Let’s quickly look at the word decentralization as it is defined as: “The transfer of control of an activity or organization to several local offices or authorities rather than one single one.”
OK, but what does decentralization actually mean in the real world? Why is it so important?
The answer lies in trust. In the blockchain space we like to talk about trustless system meaning that trust is integrated into the code. And that code runs on a computer, or in a decentralized system, meaning on many computers. This shifts the control of decision-making from one centralized authority to a distributed network. This effectively limits the ability to exert authority or control over a system and also prevents the single point of failure.
In a trustless environment no one has to know or trust anyone else.

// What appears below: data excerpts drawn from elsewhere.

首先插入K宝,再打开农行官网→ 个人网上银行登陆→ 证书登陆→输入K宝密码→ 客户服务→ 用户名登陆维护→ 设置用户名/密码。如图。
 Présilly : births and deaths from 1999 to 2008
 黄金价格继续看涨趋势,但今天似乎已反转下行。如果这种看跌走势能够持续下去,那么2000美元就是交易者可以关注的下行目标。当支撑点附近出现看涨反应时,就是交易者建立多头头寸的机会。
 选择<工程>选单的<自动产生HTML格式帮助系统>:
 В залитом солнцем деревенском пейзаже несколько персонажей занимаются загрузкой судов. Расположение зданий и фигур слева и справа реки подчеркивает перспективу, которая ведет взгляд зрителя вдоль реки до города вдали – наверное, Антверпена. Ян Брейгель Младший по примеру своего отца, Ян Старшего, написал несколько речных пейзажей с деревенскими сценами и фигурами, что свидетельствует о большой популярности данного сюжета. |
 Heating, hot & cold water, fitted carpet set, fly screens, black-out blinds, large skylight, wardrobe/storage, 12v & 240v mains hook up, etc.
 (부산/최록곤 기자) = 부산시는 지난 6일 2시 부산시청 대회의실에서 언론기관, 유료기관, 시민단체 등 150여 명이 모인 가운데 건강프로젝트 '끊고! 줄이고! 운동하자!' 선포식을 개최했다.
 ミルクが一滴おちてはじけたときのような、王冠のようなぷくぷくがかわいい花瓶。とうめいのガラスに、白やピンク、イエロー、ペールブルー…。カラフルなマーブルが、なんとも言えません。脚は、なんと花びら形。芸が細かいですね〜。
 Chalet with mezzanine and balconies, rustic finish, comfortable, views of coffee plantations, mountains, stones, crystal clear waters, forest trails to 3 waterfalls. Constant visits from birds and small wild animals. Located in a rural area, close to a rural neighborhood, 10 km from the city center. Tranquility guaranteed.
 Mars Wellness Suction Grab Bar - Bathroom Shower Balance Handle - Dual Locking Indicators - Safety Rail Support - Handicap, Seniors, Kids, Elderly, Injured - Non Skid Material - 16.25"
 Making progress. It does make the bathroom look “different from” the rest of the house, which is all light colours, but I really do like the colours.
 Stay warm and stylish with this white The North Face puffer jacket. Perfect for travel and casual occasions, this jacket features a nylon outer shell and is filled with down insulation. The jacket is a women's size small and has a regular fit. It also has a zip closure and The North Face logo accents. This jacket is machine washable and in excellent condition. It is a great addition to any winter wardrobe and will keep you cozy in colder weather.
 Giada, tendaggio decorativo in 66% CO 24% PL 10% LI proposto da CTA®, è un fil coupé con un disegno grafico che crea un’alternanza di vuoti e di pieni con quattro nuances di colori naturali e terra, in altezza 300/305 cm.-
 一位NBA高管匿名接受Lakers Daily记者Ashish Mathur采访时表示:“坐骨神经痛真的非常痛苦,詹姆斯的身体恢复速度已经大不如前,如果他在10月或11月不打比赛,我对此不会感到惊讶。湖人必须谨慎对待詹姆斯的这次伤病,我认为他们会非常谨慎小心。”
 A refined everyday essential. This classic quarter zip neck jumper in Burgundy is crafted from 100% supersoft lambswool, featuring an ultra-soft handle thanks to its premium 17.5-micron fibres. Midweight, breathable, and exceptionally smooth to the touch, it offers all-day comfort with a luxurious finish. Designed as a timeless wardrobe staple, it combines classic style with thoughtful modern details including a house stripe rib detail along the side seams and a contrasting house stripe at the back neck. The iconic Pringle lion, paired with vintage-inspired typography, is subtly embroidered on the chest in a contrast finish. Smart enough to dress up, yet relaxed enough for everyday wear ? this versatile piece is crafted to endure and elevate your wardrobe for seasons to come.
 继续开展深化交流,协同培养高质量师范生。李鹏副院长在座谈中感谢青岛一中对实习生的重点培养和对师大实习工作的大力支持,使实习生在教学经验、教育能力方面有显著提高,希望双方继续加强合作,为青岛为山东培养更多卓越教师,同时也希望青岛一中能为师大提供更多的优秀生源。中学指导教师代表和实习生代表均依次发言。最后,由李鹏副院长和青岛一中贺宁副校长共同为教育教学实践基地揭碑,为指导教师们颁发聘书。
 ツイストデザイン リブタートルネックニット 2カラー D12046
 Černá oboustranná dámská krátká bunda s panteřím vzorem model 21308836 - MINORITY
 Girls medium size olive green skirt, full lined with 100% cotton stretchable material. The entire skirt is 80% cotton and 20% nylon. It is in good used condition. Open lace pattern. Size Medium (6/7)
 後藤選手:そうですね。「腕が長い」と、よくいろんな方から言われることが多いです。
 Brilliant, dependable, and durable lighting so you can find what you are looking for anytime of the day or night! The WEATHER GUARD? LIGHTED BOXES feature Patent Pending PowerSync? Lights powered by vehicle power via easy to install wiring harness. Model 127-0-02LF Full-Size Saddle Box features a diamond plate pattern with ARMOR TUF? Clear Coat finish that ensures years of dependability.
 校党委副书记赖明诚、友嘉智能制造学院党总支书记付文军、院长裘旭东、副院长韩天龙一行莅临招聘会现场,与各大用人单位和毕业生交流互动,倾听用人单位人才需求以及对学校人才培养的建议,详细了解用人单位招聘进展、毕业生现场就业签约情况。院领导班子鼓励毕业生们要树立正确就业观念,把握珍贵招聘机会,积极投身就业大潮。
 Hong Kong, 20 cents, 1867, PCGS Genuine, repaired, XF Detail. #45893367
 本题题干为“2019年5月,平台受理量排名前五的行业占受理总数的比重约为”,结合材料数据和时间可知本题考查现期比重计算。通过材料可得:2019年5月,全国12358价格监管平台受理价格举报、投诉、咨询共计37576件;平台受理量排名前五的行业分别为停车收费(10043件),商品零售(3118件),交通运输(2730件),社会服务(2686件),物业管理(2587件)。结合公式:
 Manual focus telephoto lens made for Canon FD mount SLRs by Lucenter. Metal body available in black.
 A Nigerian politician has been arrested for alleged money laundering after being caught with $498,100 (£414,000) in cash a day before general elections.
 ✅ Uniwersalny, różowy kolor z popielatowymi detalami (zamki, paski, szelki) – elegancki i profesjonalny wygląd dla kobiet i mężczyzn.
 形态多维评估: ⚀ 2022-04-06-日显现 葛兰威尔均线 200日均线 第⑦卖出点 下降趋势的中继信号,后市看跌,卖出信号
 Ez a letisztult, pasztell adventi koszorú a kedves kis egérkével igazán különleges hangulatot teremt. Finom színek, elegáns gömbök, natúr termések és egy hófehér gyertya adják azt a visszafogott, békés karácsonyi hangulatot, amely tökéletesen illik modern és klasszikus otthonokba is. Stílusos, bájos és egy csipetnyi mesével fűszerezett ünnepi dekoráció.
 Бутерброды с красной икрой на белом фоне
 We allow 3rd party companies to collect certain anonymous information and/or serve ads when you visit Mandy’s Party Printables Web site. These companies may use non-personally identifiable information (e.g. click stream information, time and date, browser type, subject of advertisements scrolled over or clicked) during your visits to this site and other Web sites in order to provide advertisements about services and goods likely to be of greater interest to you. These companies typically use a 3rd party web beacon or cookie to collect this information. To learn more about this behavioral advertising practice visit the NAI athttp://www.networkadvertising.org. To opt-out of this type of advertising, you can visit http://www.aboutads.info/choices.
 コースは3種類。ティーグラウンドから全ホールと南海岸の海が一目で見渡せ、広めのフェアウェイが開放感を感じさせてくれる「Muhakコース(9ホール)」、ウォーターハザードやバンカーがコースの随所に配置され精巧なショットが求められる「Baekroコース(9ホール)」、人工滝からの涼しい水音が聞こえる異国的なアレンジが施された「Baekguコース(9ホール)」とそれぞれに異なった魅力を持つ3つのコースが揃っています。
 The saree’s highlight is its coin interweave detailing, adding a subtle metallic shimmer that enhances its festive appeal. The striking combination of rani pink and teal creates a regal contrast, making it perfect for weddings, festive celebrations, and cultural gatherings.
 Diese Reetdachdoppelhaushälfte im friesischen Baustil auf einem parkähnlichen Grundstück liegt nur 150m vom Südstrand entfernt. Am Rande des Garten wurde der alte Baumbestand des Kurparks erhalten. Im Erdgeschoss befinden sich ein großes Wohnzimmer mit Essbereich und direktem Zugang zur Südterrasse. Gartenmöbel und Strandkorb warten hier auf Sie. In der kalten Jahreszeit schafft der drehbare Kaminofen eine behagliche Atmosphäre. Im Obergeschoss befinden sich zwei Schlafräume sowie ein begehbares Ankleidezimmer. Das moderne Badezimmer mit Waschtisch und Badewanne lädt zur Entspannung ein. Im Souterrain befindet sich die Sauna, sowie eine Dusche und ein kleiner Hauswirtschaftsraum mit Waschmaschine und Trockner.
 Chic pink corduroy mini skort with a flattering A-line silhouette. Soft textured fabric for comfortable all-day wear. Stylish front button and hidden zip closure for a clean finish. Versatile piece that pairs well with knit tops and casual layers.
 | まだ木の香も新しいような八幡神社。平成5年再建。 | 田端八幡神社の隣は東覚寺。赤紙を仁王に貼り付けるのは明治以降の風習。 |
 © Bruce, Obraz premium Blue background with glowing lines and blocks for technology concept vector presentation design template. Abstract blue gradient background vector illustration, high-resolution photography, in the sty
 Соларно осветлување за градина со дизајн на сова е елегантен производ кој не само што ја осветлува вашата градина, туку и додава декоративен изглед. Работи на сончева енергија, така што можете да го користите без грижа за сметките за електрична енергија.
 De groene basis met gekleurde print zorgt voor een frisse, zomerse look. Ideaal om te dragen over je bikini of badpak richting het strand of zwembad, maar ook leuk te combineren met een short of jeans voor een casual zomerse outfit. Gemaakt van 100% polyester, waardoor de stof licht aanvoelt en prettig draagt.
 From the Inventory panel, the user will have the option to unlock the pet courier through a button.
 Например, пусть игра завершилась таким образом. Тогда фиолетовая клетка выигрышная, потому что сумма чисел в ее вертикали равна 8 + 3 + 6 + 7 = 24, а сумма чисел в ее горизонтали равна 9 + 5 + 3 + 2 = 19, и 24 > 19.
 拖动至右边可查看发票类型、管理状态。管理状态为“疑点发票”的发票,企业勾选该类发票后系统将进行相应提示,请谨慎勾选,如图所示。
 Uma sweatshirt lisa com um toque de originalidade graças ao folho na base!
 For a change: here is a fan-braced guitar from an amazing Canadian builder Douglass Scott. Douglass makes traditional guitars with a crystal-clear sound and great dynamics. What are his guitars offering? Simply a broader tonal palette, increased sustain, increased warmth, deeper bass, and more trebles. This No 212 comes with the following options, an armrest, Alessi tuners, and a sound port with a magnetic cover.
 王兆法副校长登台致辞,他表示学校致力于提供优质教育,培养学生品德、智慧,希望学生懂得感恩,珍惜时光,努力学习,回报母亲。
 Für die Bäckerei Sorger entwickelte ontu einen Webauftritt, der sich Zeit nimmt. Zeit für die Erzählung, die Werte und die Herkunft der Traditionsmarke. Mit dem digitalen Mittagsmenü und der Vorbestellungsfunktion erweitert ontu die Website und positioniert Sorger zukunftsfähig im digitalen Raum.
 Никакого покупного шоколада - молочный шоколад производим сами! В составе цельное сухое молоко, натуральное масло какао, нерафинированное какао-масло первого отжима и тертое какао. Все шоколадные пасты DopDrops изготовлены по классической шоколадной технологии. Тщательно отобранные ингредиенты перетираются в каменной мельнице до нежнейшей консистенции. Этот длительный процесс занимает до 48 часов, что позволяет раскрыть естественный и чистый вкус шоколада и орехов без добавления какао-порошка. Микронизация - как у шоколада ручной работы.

Each member of the network has a copy of the same data, the distributed ledger and if it gets corrupted it will be rejected by the majority of the network members.
But a decentralized network also has other benefits such as:
Improved data reconciliation as data is stored in multiple copies on many computers.
Reduced point of weakness as there is no one actor that can manipulate or disable the service.
Optimized resource distribution as it can provide better performance and consistency.
There are tradeoffs that come with decentralization. There is always a battle between security and performance. The more a blockchain scales up, the more secure it usually becomes but performance may suffer. Also, decentralized networks are harder to maintain and more expensive to run.
This then also begs the question what services should run on a decentralized system, and which should not. There are thousands of computers (nodes) running in a decentralized system to validate a transaction. This could be done by one single computer in a centralized system. Additionally, these nodes need to come to a consensus on the validity of the transaction and that takes time. So, these are the constant tradeoffs between the benefits of trustless systems and costs associated with them. Some systems are suited for it and others are better run on a central server.
A decentralized network
A network is made of nodes and edges or interconnections between members of the network. According to the number of edges, we can define 3 types of networks: centralized, decentralized and distributed. In a distributed network, every node has about the same number of edges and there are more than one routes that nodes can use to connect to each other. This means that nodes are not in central or privileged positions. In such a system, even if a few nodes fail, the network will still stay connected and functioning.
At the top level we usually measure the decentralization of the network by just stating the number of nodes. Unfortunately, this is not enough. Imagine having 1000 nodes constituting a network. This would mean a fairly distributed or decentralized network. But what if all those computers would be set up in one warehouse? Imagine there is a fire or a power outage. The network would immediately shut down. One of the measures of decentralization is geographical diversity, this means that nodes need to be distributed at different location around the world to be fully decentralized.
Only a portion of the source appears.